Given records ::
= = =

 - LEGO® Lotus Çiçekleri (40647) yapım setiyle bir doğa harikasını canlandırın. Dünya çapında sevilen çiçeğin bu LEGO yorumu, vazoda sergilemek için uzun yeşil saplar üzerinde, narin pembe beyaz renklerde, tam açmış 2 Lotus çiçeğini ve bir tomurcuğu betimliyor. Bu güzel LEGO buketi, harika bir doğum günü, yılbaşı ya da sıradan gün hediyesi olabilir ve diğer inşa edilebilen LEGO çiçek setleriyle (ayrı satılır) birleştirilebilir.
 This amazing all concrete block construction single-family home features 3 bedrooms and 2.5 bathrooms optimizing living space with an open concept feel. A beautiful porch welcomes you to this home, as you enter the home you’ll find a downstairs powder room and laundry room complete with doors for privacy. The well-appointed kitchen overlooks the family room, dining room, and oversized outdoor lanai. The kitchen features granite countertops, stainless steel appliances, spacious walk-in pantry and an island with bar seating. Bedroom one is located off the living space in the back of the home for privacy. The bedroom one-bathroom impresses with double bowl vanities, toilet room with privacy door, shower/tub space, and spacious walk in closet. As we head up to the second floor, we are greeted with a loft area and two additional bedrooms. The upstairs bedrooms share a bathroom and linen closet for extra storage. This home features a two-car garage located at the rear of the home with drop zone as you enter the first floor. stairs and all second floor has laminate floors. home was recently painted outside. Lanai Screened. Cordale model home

= = =

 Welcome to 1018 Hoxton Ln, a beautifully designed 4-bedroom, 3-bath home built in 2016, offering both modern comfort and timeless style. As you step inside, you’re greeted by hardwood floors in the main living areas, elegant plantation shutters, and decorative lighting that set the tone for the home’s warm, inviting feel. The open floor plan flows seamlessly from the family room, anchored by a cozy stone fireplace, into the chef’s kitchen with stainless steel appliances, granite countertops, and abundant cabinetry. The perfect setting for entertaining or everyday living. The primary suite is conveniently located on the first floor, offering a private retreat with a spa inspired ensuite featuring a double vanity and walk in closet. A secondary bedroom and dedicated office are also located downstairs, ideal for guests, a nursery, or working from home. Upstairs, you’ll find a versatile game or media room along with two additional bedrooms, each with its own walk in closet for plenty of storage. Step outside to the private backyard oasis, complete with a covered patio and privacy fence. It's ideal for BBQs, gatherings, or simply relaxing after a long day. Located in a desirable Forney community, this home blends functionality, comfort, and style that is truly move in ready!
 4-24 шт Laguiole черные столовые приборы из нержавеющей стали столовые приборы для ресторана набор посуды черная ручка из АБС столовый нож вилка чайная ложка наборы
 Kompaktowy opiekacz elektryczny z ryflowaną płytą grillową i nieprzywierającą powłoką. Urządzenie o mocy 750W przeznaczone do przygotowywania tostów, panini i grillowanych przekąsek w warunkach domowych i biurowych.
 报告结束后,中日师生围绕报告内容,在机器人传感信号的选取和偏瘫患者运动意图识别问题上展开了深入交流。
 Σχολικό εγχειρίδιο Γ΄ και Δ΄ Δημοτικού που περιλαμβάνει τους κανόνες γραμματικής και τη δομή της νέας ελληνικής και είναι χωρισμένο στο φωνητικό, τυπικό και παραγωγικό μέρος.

= = =

Instructions to follow :: In the entries above, the lines between the one holding "4-24 шт Laguiole" and the one holding "Σχολικό εγχειρίδιο Γ΄", inclusive, are to be printed exactly as written, and those alone.

Task solution ::
 4-24 шт Laguiole черные столовые приборы из нержавеющей стали столовые приборы для ресторана набор посуды черная ручка из АБС столовый нож вилка чайная ложка наборы
 Kompaktowy opiekacz elektryczny z ryflowaną płytą grillową i nieprzywierającą powłoką. Urządzenie o mocy 750W przeznaczone do przygotowywania tostów, panini i grillowanych przekąsek w warunkach domowych i biurowych.
 报告结束后,中日师生围绕报告内容,在机器人传感信号的选取和偏瘫患者运动意图识别问题上展开了深入交流。
 Σχολικό εγχειρίδιο Γ΄ και Δ΄ Δημοτικού που περιλαμβάνει τους κανόνες γραμματικής και τη δομή της νέας ελληνικής και είναι χωρισμένο στο φωνητικό, τυπικό και παραγωγικό μέρος.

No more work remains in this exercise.